Your answer must be an exact copy of the entries below, with every picture removed.

Records from a collection
***
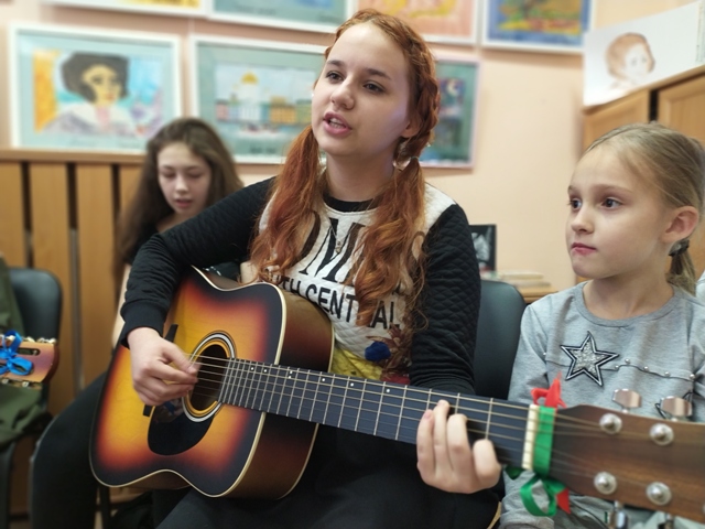 Сразу 9 акустических гитар и 17 звонких голосов звучали в уютной гостиной библиотеки №40. Музыкальная программа для ребят из клуба «Ровесник» и ДШИ №5 был наполнен бардовскими, рок-песнями и хорошим настроением.
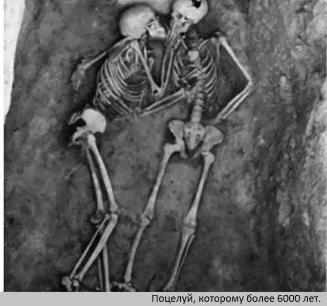 "Целующиеся" скелеты - парное захоронение, совсем не редкость, сам такое копал, возраст захоронения порядка 4000 - 4500 лет.
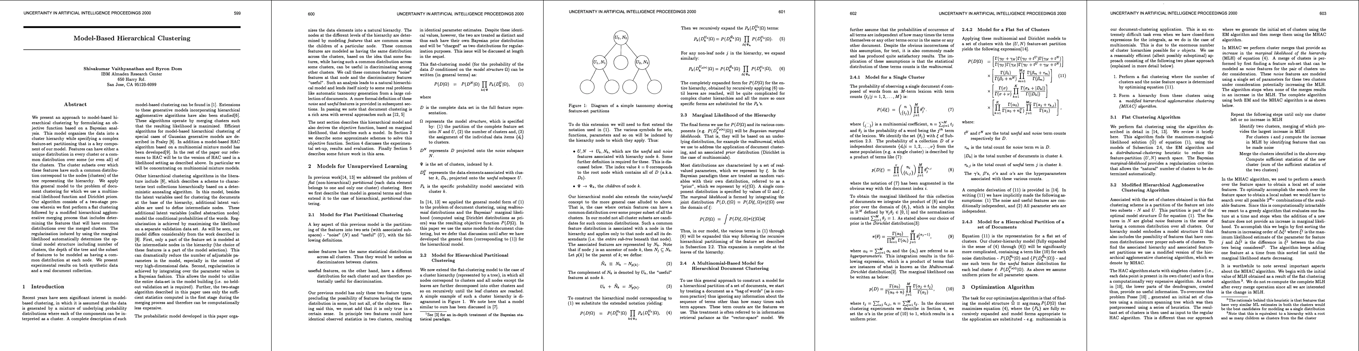This paper presents a Bayesian model-based hierarchical clustering approach that organizes data into a cluster hierarchy, allowing features to have unique or common distributions across clusters. The method uses a two-stage process for document clustering and determines optimal model structure through regularization. Experimental results on synthetic and real data demonstrate its effectiveness.
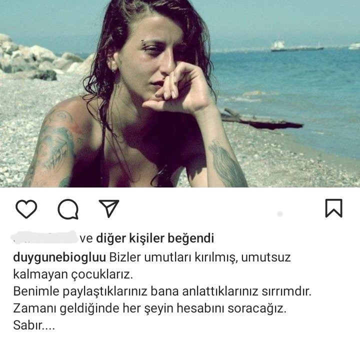 Instagram'dan açıklama yapan Duygu Nebioğlu, "Bizler umutları kırılmış, umutsuz kalmayan çocuklarız. Benimle paylaştıklarınız bana anlattıklarınız sırrımdır. Zamanı geldiğinde her şeyin hesabını soracağız. Sabır..." diye yazdı.
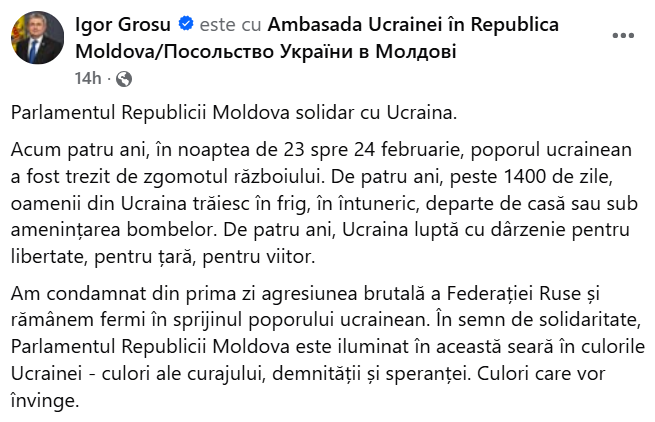 “We condemned from the very first day the brutal aggression of the Russian Federation, and we remain firm in our support for the Ukrainian people. As a sign of solidarity, the Parliament of the Republic of Moldova is illuminated this evening in the colors of Ukraine, colors of courage, dignity, and hope. Colors that will prevail,” Igor Grosu stated.
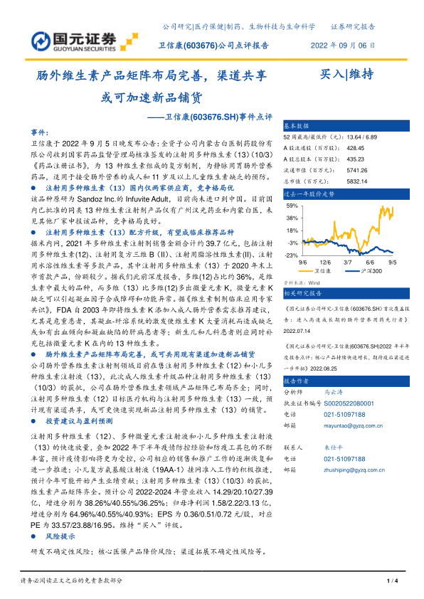 注射用多种维生素(12)、多种微量元素注射液和小儿多种维生素注射液(13)的快速放量, 叠加 2022 年下半年疫情防控经验和防疫工具包的不断丰富, 预计疫情影响将更为受控,公司相应的销售和推广工作的逐渐恢复和进一步推进;小儿复方氨基酸注射液(19AA-1) 挂网准入工作的积极推进,预计今年可能开始产生业绩贡献; 注射用多种维生素(13)(10/3)的获批,维生素产品矩阵齐全。预计公司 2022-2024 年营业收入 14.29/20.10/27.39亿,增速分别为 38.26%/40.55%/36.25%;归母净利润 1.58/2.22/3.13 亿,增速分别为 64.96%/40.55%/40.93%; EPS 为 0.36/0.51/0.72 元/股,对应PE 为 33.57/23.88/16.95。维持“买入”评级。
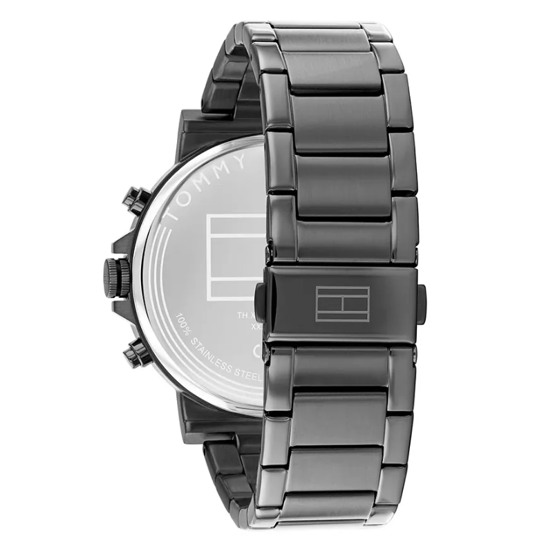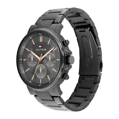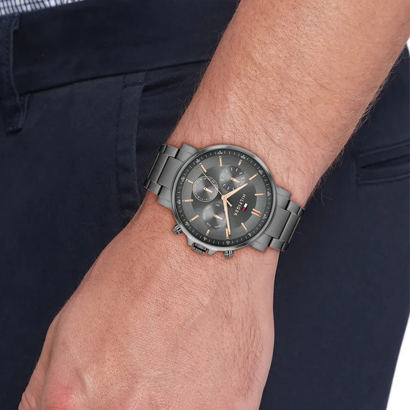 This Tommy Hilfiger men's watch features a precise quartz multifunction movement paired with a 44mm ionic plated grey steel case. Its sleek dark grey dial is protected by a durable mineral crystal, while the 22 mm grey steel strap offers comfortable wear. With a slim 9.7 mm profile, water resistance up to 5 ATM, and a secure push-button deployment clasp, this timepiece blends style with practicality for everyday use.
***
### Response
 Сразу 9 акустических гитар и 17 звонких голосов звучали в уютной гостиной библиотеки №40. Музыкальная программа для ребят из клуба «Ровесник» и ДШИ №5 был наполнен бардовскими, рок-песнями и хорошим настроением.
 "Целующиеся" скелеты - парное захоронение, совсем не редкость, сам такое копал, возраст захоронения порядка 4000 - 4500 лет.
This paper presents a Bayesian model-based hierarchical clustering approach that organizes data into a cluster hierarchy, allowing features to have unique or common distributions across clusters. The method uses a two-stage process for document clustering and determines optimal model structure through regularization. Experimental results on synthetic and real data demonstrate its effectiveness.
 Instagram'dan açıklama yapan Duygu Nebioğlu, "Bizler umutları kırılmış, umutsuz kalmayan çocuklarız. Benimle paylaştıklarınız bana anlattıklarınız sırrımdır. Zamanı geldiğinde her şeyin hesabını soracağız. Sabır..." diye yazdı.
 “We condemned from the very first day the brutal aggression of the Russian Federation, and we remain firm in our support for the Ukrainian people. As a sign of solidarity, the Parliament of the Republic of Moldova is illuminated this evening in the colors of Ukraine, colors of courage, dignity, and hope. Colors that will prevail,” Igor Grosu stated.
 注射用多种维生素(12)、多种微量元素注射液和小儿多种维生素注射液(13)的快速放量, 叠加 2022 年下半年疫情防控经验和防疫工具包的不断丰富, 预计疫情影响将更为受控,公司相应的销售和推广工作的逐渐恢复和进一步推进;小儿复方氨基酸注射液(19AA-1) 挂网准入工作的积极推进,预计今年可能开始产生业绩贡献; 注射用多种维生素(13)(10/3)的获批,维生素产品矩阵齐全。预计公司 2022-2024 年营业收入 14.29/20.10/27.39亿,增速分别为 38.26%/40.55%/36.25%;归母净利润 1.58/2.22/3.13 亿,增速分别为 64.96%/40.55%/40.93%; EPS 为 0.36/0.51/0.72 元/股,对应PE 为 33.57/23.88/16.95。维持“买入”评级。
 This Tommy Hilfiger men's watch features a precise quartz multifunction movement paired with a 44mm ionic plated grey steel case. Its sleek dark grey dial is protected by a durable mineral crystal, while the 22 mm grey steel strap offers comfortable wear. With a slim 9.7 mm profile, water resistance up to 5 ATM, and a secure push-button deployment clasp, this timepiece blends style with practicality for everyday use.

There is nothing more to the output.